• What the task requires: Starting with the line that includes "Hier möchte ich", write out every remaining line of the records below exactly as it appears, leaving out any images.

[Records excerpted from a collection]
--- START ---

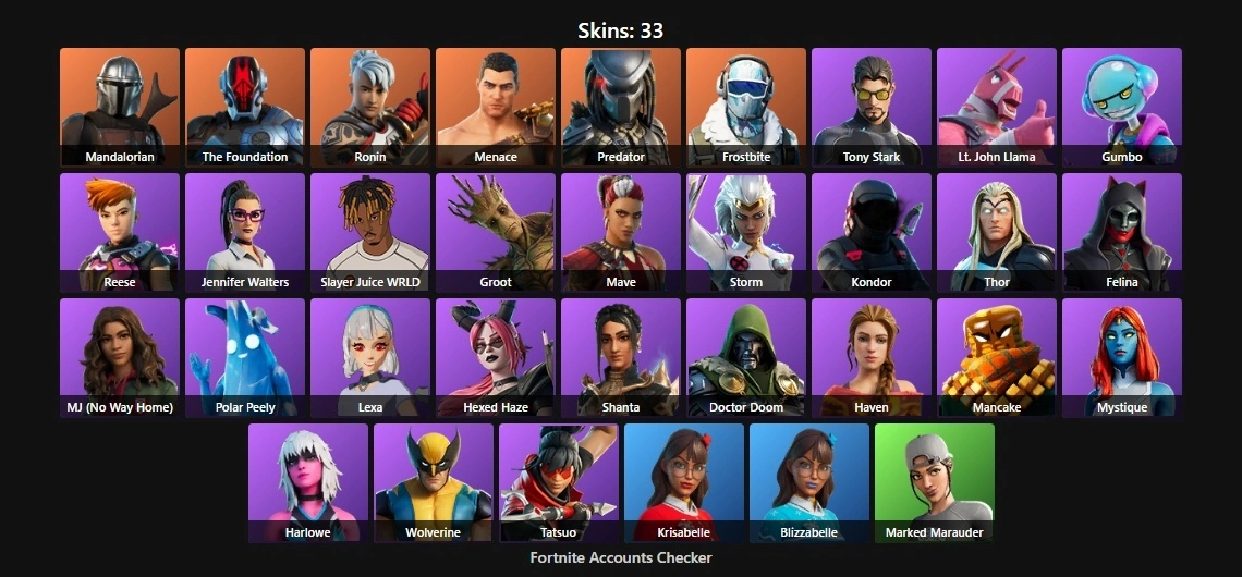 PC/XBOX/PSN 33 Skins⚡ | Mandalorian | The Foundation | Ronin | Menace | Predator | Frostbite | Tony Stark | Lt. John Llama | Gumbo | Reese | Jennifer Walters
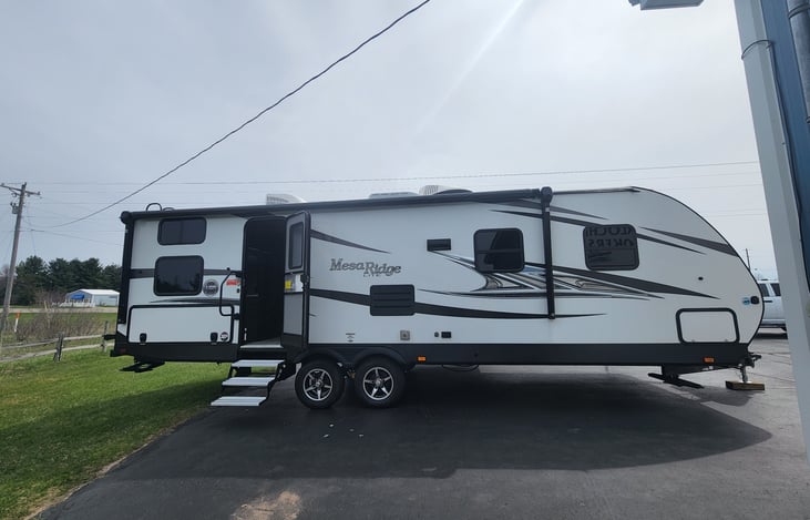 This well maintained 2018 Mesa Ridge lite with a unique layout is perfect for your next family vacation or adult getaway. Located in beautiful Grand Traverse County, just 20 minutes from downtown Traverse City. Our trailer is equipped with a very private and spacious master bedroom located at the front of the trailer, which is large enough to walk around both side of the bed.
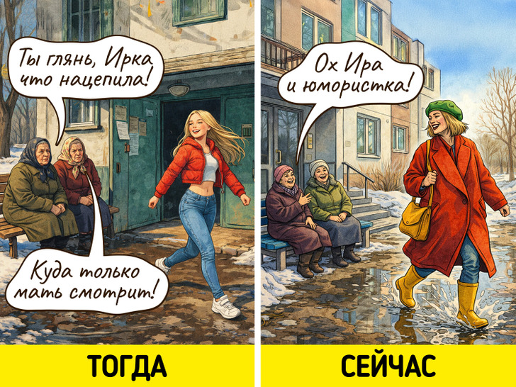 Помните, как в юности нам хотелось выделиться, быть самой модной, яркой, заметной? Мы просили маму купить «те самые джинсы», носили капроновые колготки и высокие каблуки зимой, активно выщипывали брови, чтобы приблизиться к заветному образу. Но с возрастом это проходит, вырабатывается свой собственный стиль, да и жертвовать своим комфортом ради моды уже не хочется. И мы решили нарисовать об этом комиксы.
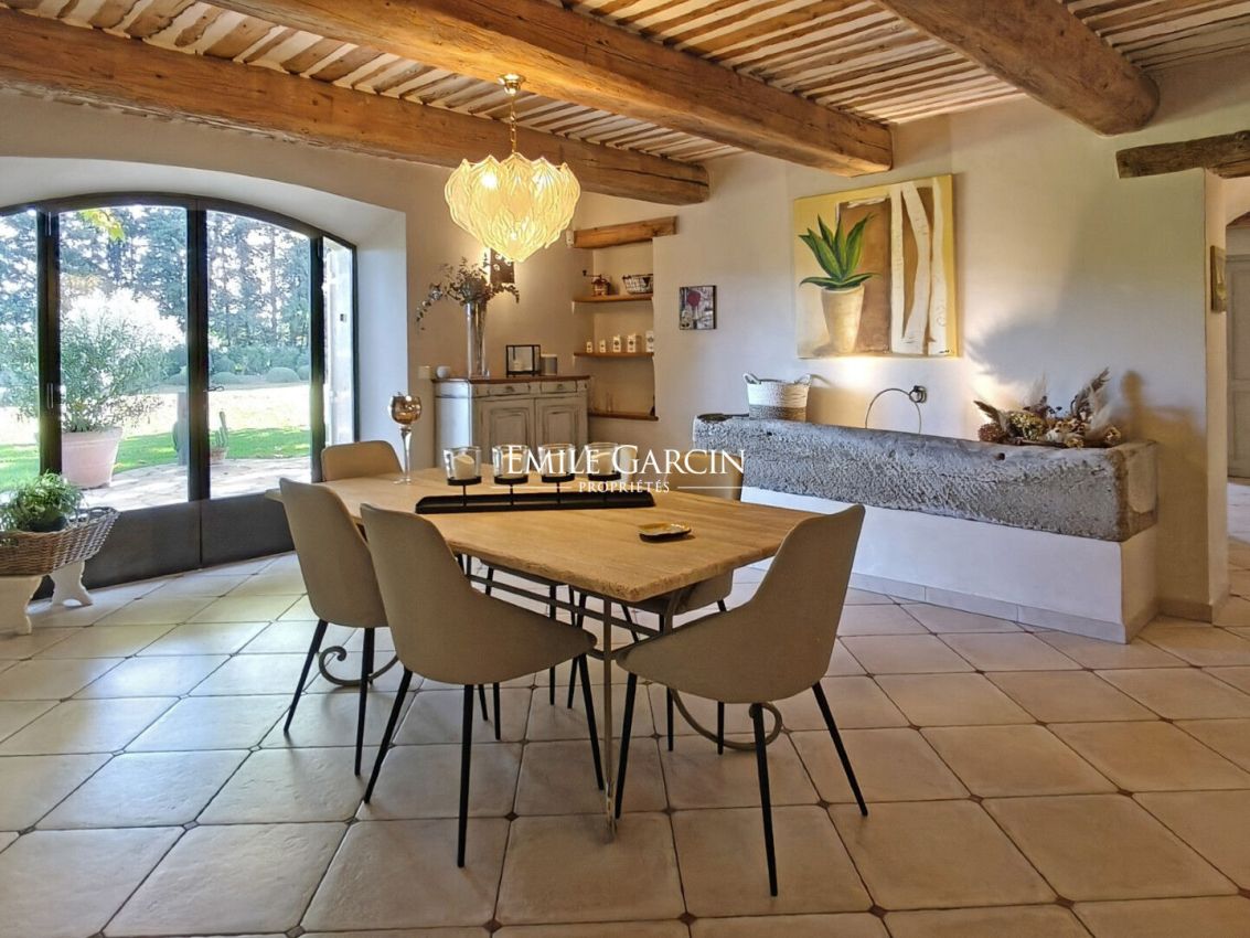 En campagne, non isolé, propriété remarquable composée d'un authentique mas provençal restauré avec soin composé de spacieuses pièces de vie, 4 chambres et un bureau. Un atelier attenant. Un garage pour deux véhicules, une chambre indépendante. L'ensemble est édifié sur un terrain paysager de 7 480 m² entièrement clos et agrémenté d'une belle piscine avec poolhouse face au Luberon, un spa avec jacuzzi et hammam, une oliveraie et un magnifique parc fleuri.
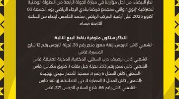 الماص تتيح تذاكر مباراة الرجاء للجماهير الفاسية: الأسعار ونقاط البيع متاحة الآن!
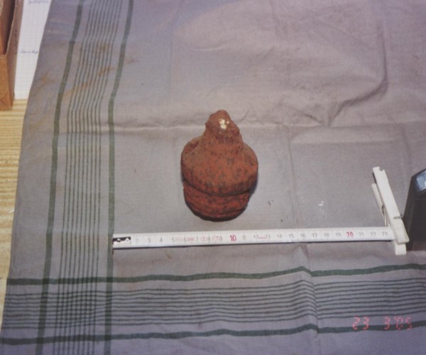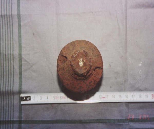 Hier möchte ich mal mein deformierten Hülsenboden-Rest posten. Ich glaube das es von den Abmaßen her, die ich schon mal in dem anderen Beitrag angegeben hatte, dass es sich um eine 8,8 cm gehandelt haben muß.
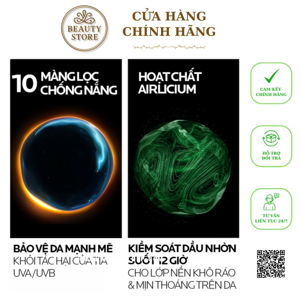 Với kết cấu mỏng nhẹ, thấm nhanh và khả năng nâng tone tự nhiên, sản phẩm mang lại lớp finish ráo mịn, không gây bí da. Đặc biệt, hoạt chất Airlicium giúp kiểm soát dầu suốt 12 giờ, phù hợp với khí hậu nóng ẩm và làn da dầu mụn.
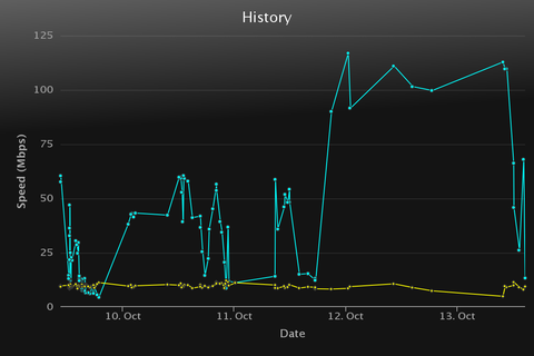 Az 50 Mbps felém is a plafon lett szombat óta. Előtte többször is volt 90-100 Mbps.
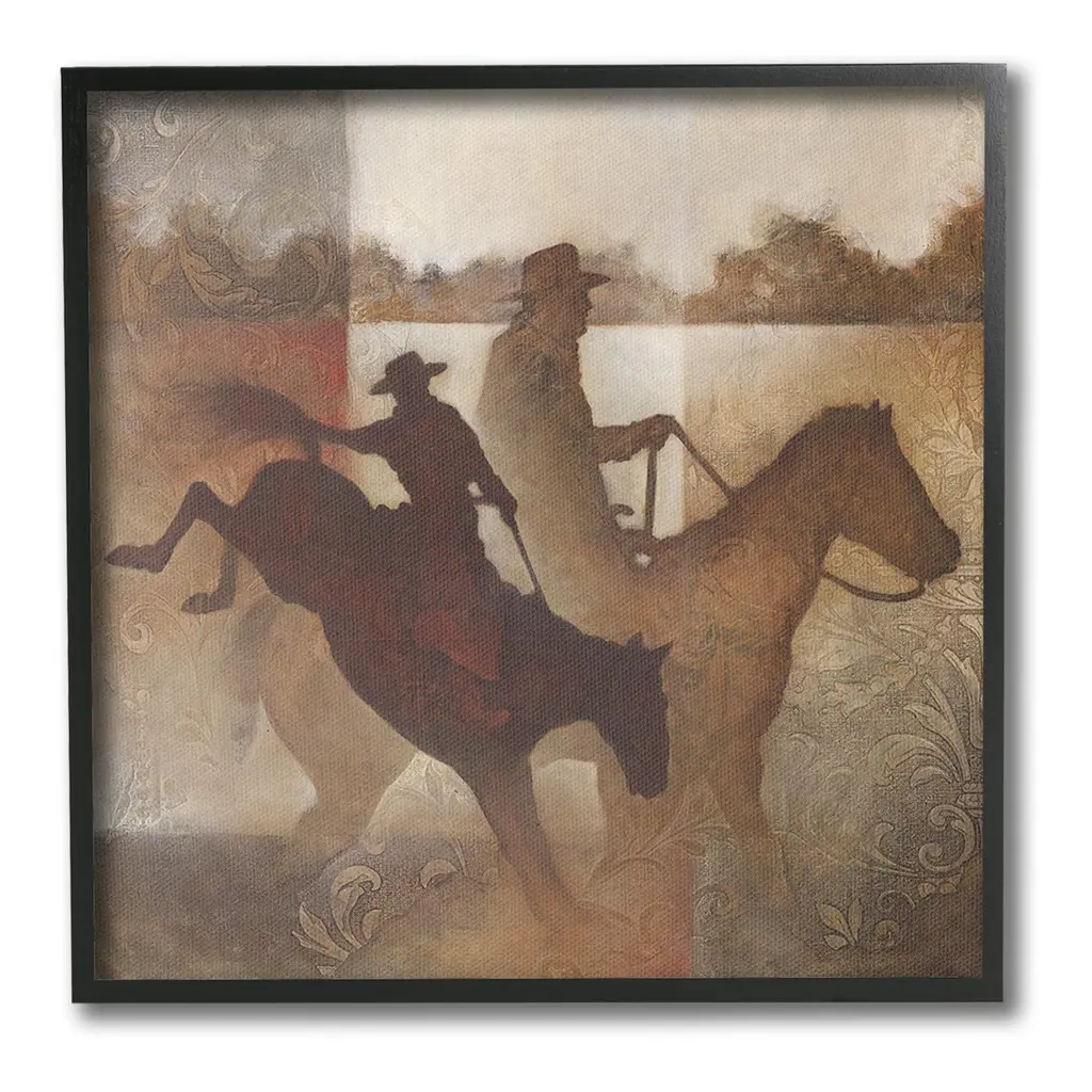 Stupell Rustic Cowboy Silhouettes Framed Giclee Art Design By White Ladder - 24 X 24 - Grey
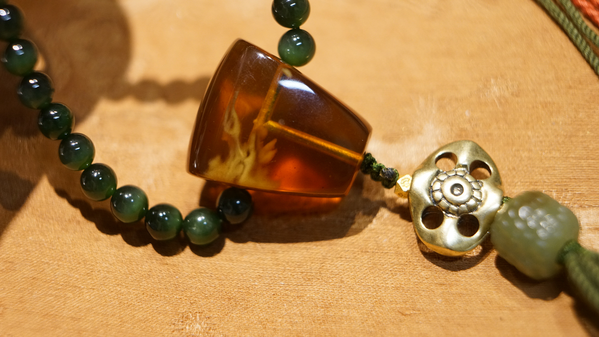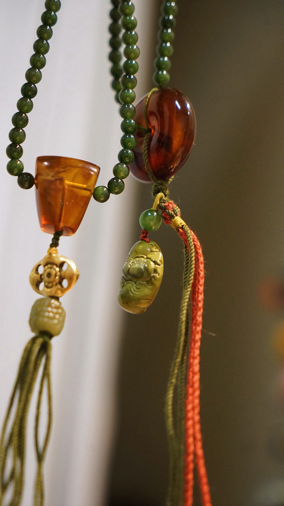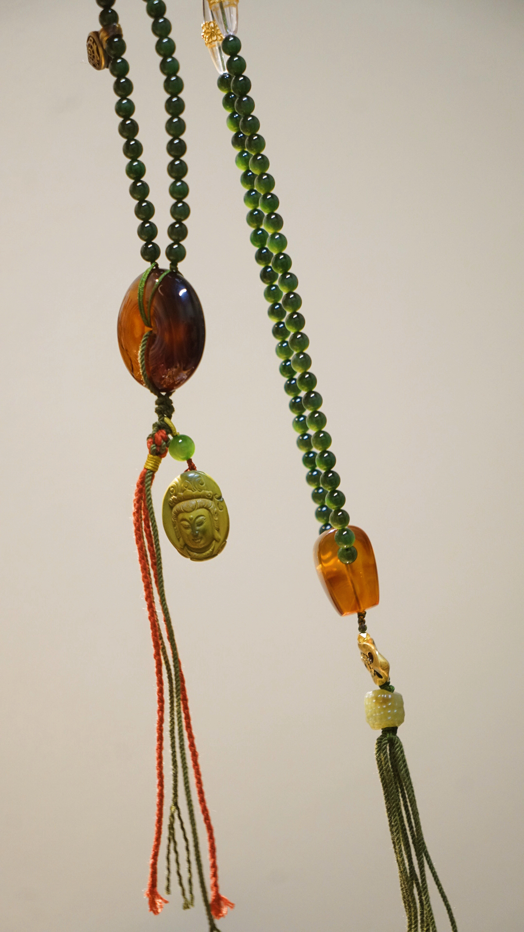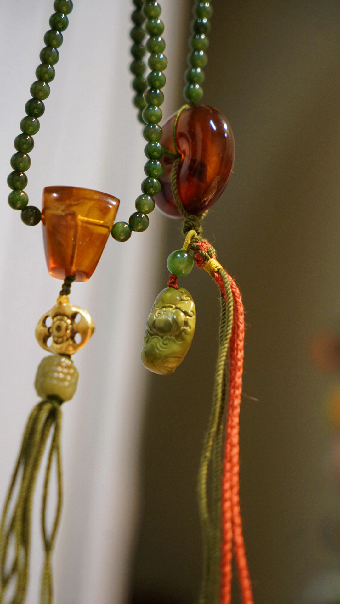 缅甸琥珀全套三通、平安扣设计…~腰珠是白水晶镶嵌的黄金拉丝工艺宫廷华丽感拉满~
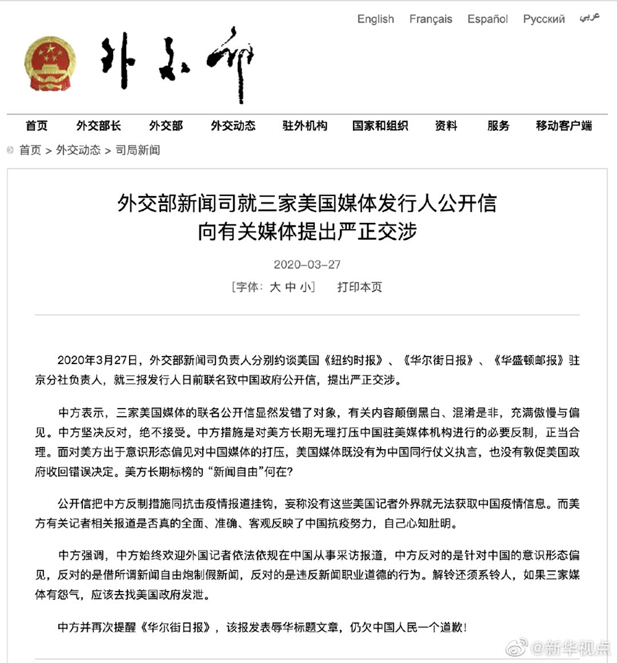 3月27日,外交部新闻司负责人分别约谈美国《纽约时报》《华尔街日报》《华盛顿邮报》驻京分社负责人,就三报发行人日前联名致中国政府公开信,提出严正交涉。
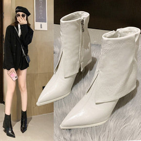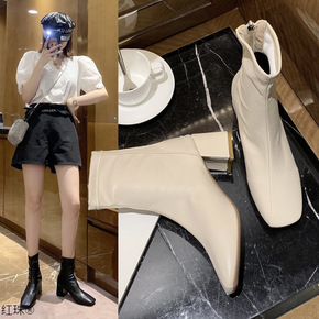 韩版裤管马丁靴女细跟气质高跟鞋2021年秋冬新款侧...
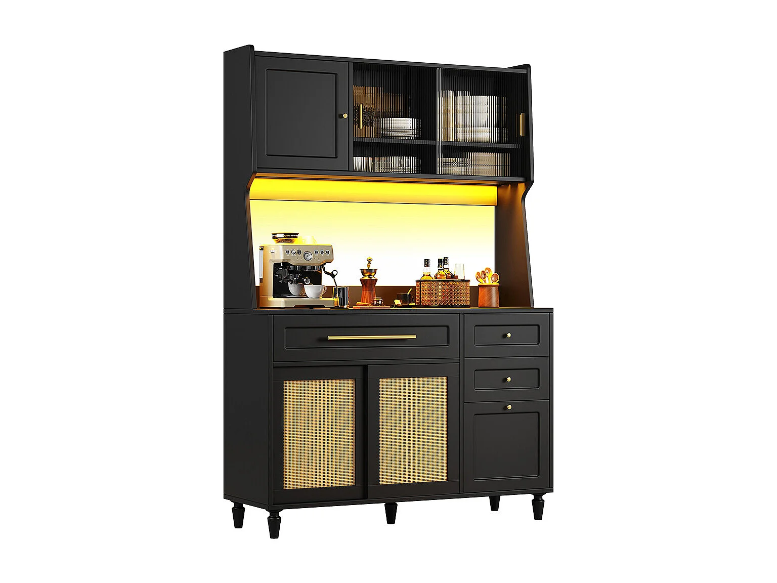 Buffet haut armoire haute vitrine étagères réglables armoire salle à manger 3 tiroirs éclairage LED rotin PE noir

--- END ---

• Answer:
 Hier möchte ich mal mein deformierten Hülsenboden-Rest posten. Ich glaube das es von den Abmaßen her, die ich schon mal in dem anderen Beitrag angegeben hatte, dass es sich um eine 8,8 cm gehandelt haben muß.
 Với kết cấu mỏng nhẹ, thấm nhanh và khả năng nâng tone tự nhiên, sản phẩm mang lại lớp finish ráo mịn, không gây bí da. Đặc biệt, hoạt chất Airlicium giúp kiểm soát dầu suốt 12 giờ, phù hợp với khí hậu nóng ẩm và làn da dầu mụn.
 Az 50 Mbps felém is a plafon lett szombat óta. Előtte többször is volt 90-100 Mbps.
 Stupell Rustic Cowboy Silhouettes Framed Giclee Art Design By White Ladder - 24 X 24 - Grey
 缅甸琥珀全套三通、平安扣设计…~腰珠是白水晶镶嵌的黄金拉丝工艺宫廷华丽感拉满~
 3月27日,外交部新闻司负责人分别约谈美国《纽约时报》《华尔街日报》《华盛顿邮报》驻京分社负责人,就三报发行人日前联名致中国政府公开信,提出严正交涉。
 韩版裤管马丁靴女细跟气质高跟鞋2021年秋冬新款侧...
 Buffet haut armoire haute vitrine étagères réglables armoire salle à manger 3 tiroirs éclairage LED rotin PE noir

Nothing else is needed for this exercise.